I knew Ian when I lived in New Orleans in 2008 and sadly just got around to actually reading his book on the airplane heading down to French Quarter Fest. You can tell it's a first novel in a few places, but it is a great book for anyone who knows and loves New Orleans. This is not like other storm novels that try to capitalize on pictures or fully translates the experience to someone who isn't familiar with the city. This is Ian's ode to the city and neighborhood he loves. I think many of the places mentioned don't necessarily resonate as well to those unfamiliar, but to those who know and frequented them regularly, this is a wonderful heartfelt book.
For those of you who read this and want to have a memorable experience, I would plan a trip to New Orleans and try to visit all the places mentioned in this book. You will get a much different and more interesting experience than the traditional quarter/Bourbon St. tourist trip.
Also Ian just came out with his second book, Louisiana Rambles, so check it out if you liked this one. I'm going to try to be a better friend and not wait as long to read it!
I really liked this book all around. I think this book really created a surreal view on Hurricane Katrina and what people went through. I honestly didn't know much about Katrina before reading this book. It shows how long and painful the road to recovery was for New Orleans, and I'm sure that New Orleans still has temporary problems from Hurricane Katrina. It also shows how much the animals went through, tons of animals were trapped, with no owners to help and save them. Thankfully rescuers were hired to go and attempt to save the animals. The determination of New Orleans really creates this book, New Orleans decided to do something about their situation. And the author Ian McNulty really did a fantastic job of showing me that. I would recommend everyone to read this book. Because this book could apply to anyone, it could help everybody understand what the New Orleans people went through.
McNulty fled New Orleans ahead of Hurricane Katrina, and was one of the first to move back in.
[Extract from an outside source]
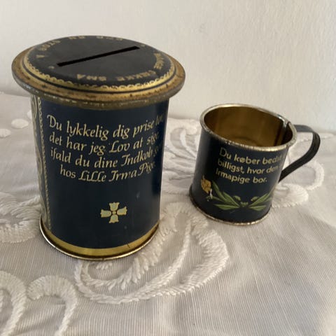 ÆLDRE IRMA TING, Original sparegris MED mønt slisk i blåt glas 400,-

This book chronicles his survival in the city, without utilities, but with the rebel spirit typical of NOLA denizens. It's not just about the storm...it's about the city and its unique culture, from the parties that spring up in defiance of the curfew to the street art people create from the detritus of the hurricane. When Epiphany, or Twelfth Night, comes after the first post-Katrina Christmas, Carnival season officially begins and New Orleans begins to put its party clothes on again.
One of the most compelling, honest accounts of New Orleans after the Hurricane Katrina tragedy. Although non-fiction, the tension, fear and ultimate spirit of the city is palpable. I hope McNulty will follow up this book with NOLA's continued recovery.
Ian McNulty moved back to New Orleans as soon as he could following Katrina. He lived in his house sans electricity and just about every other modern convenience. This is a great story about his love affair with the Big Easy. It really puts New Orleans culture in perspective.
This book was just okay. It seemed to drag in parts. Pictures would have made it quite a bit more interesting so that you can really get a better feel what the author is trying to tell instead of the overuse of adjectives.
As a Mississippi survivor of Katrina myself, I generally approach New Orleans stories with aprehension. This was outstanding. Very hard to put down, and easy to sense walking with the author as he lives out his personal nightmare.
A beautifully written book that reads like a love poem for my favorite city in the world - New Orleans. A compassionate look at a city that is filled with political corruption, violence & poverty but is still more alive, creative & beautiful than any other place.